If you want to have your job offer with company B rescinded you could mention to your boss-to-be that there's a slim chance your dream job will open up in a few months.

Fixed that for you. However, I agree that if job B is a situation that would become utterly catastrophic if you left early, it's a weightier decision to take B while waiting to hear about A.
posted by Meg_Murry at 8:56 AM on March 30, 2010

Take Job B, say nothing about Job A to Job B, and as long as you only have that relatively minor penalty for leaving before the year is up, don't worry about it again until it's actually an issue. Also, when and if Job A comes knocking, discuss the possibility of postponing your start date. Don't make it a deal breaker. In fact, I would pretty much accept the job, and then mention that if it's possible, you would love to have a start date that would allow you to finish out this contract position. They just might accommodate the request. Best of luck with everything!
posted by katemcd at 10:02 AM on March 30, 2010

I'm not even going to read your "more inside." No need. I'm scrolling straight down to the bottom to tell you to take the job.


You have no idea what's going to happen to the other job, or if it will even come to pass.

I've been burned on this before. I passed on a great job offer, because I "knew" there was this other job in the pipeline that I'd be taking. And I didn't want to burn anyone, so I Did The Right Thing.

Well guess what, something unexpected happened. The job in the pipeline vanished. Instead of two jobs, I was left with none. None jobs.

This is an excellent case of what Nassim Nicholas Taleb calls a "Black Swan event." It's something which is technically unexpected, but which any idiot could have predicted.
posted by ErikaB at 11:29 AM on March 30, 2010

If you really want Job A, then you need to see if there is a way to expedite the hiring process. Once you have an offer on the table from Job B, call Job A and say "Hey, I really want to work with you, but I have this job offer on the table from another employer. Can you let me know how I am doing in the hiring process. I told the other employer that I'd get back to them by XXX date. Is it possible for you to make a hiring decision before that date? Thanks"
posted by crazycanuck at 12:11 PM on March 30, 2010

I would have to refund all travel/relocation expenses

Take Job B if you're sure you would be happy with it were Job A not even a possibility, but make sure that all travel/relocation expenses are tightly documented and that you will be able to cover the penalty in the alloted time if you do choose quit for job A.

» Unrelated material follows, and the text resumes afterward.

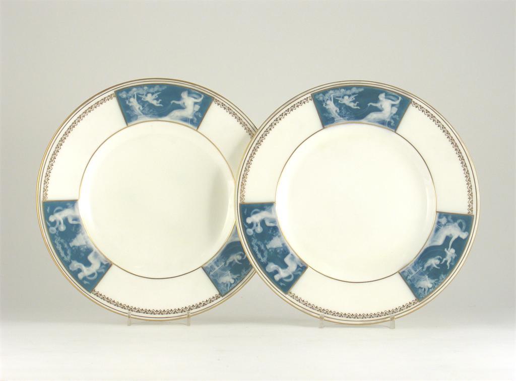 A pair of Minton plates, the borders decorated with three p?te-sur-p?te panels of young girls and cherubs, signed 'AB' and 'A Birks' for Albion Birks. Restored. Late 19th/early 20th century, 27.2cm. (2)

However, as someone who has been in this position, if you take job B don't spend your time in it pining for the potential of Job A. If Job A is in fact the true dream maybe you should commit to Job B for now (hell, it's only 12 months), and if you make the final cut for Job A tell the recruiters that you're now out of the running until 2011. Likely as not they'll be impressed and have you on the wait list for next year's hiring round when you're back - if you still want it by then.